Fin de la gratuité des soins, augmentation du temps de travail des soignants : les propositions chocs d'un médecin pour renflouer l'hôpital

22/09/2020 Par Sandy Bonin
Le Professeur Michaël Peyromaure est chef du service d'urologie de l'hôpital Cochin à Paris. Dans un livre intitulé, "Hôpital, ce qu'on ne vous a jamais dit", le praticien s'attaque à la gouvernance de l'hôpital minée par les instances administratives. Médecins, politiciens, internes, patients… Le Pr Peyromaure n'épargne personne. Il énonce une série de recommandations pour l'hôpital qui ne devraient pas plaire à tout le monde.

 

© Samuel Kirszenbaum

Egora.fr : Vous portez dans votre livre une charge assez violente contre l'hôpital, dont certains seraient dignes "du tiers monde". Vous estimez que la situation était "mieux avant".  Qui est responsable de cette dégradation? 

Pr Michaël Peyromaure : Je dis effectivement que certains hôpitaux sont dignes du tiers monde. C'est vrai. Heureusement ça n'est pas la majorité. Il y a quand même de très bons hôpitaux en France.  

Tout le monde est responsable de cette dégradation. Majoritairement les politiques qui ont instauré beaucoup de réformes qui n'ont fait que dégrader l'organisation de l'hôpital et baisser les moyens alloués. Les différents acteurs du système, notamment certains médecins qui s'occupent moins de leurs malades que ne le faisaient nos ainés, sont également responsables. Je pense aussi à certains malades qui ont des comportements de plus en plus irrespectueux vis-à-vis des soignants et qui considèrent que la médecine est un dû. Ils viennent se servir à l'hôpital comme ils le feraient au supermarché. Enfin, les administratifs qui n'ont pas de comptes à rendre à la communauté hospitalière mais qui suivent des objectifs préétablis et qui n'en réfèrent qu'à leur hiérarchie.  

Tous les acteurs du système sont fautifs, avec des niveaux de responsabilités différents, mais ce sont les politiques qui à mon sens ont fait les pires erreurs.  

 

La crise du Covid a réhabilité Roselyne Bachelot en tant que ministre de la Santé. Pourtant vous jugez qu'elle a été la pire… 

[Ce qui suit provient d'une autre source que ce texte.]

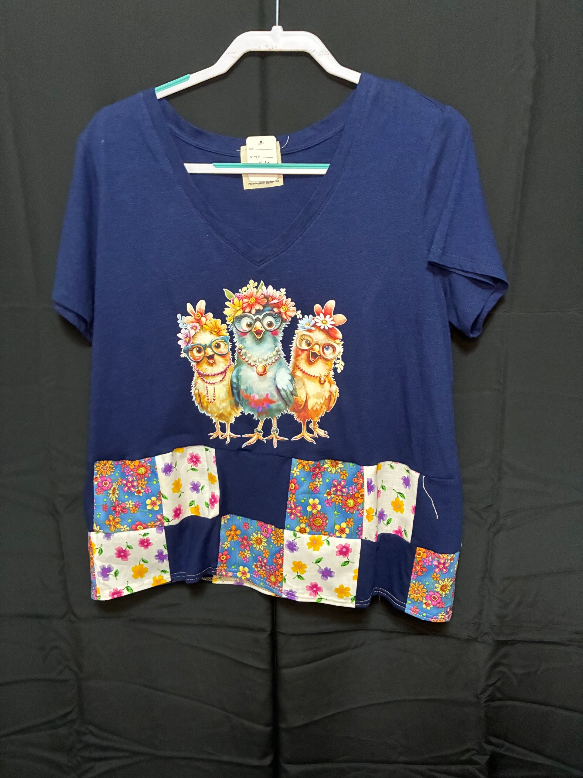 Size XLG - Blue Up Cycle Kantha Tee - 3 Decorative Birds

Oui, elle a été la pire de ceux que j'ai suivis, c’est-à-dire sur les vingt dernières années. C'est elle qui a poussé la loi HPST de 2009. Cette loi a rabaissé les médecins au rang de prestataires de service et a donné les pleins pouvoirs à l'administration. Le message général du livre est de dire que le pouvoir a changé de mains. Il était avant à la main des soignants. Il est aujourd'hui à celle de l'administration. Je trouve que c'est le plus grave de ce qui s'est passé ces vingt dernières années. Le point d'orgue de cette politique a été la loi HPST de Roselyne Bachelot. C'est pour cela que je lui en veux beaucoup et que je considère qu'elle a fait la pire réforme de l'hôpital.

 

Vous reprochez la "mollesse" des médecins qui se réveillent à peine et commencent "enfin" à désobéir avec la grève du codage. Qu’attendez-vous d'eux ?  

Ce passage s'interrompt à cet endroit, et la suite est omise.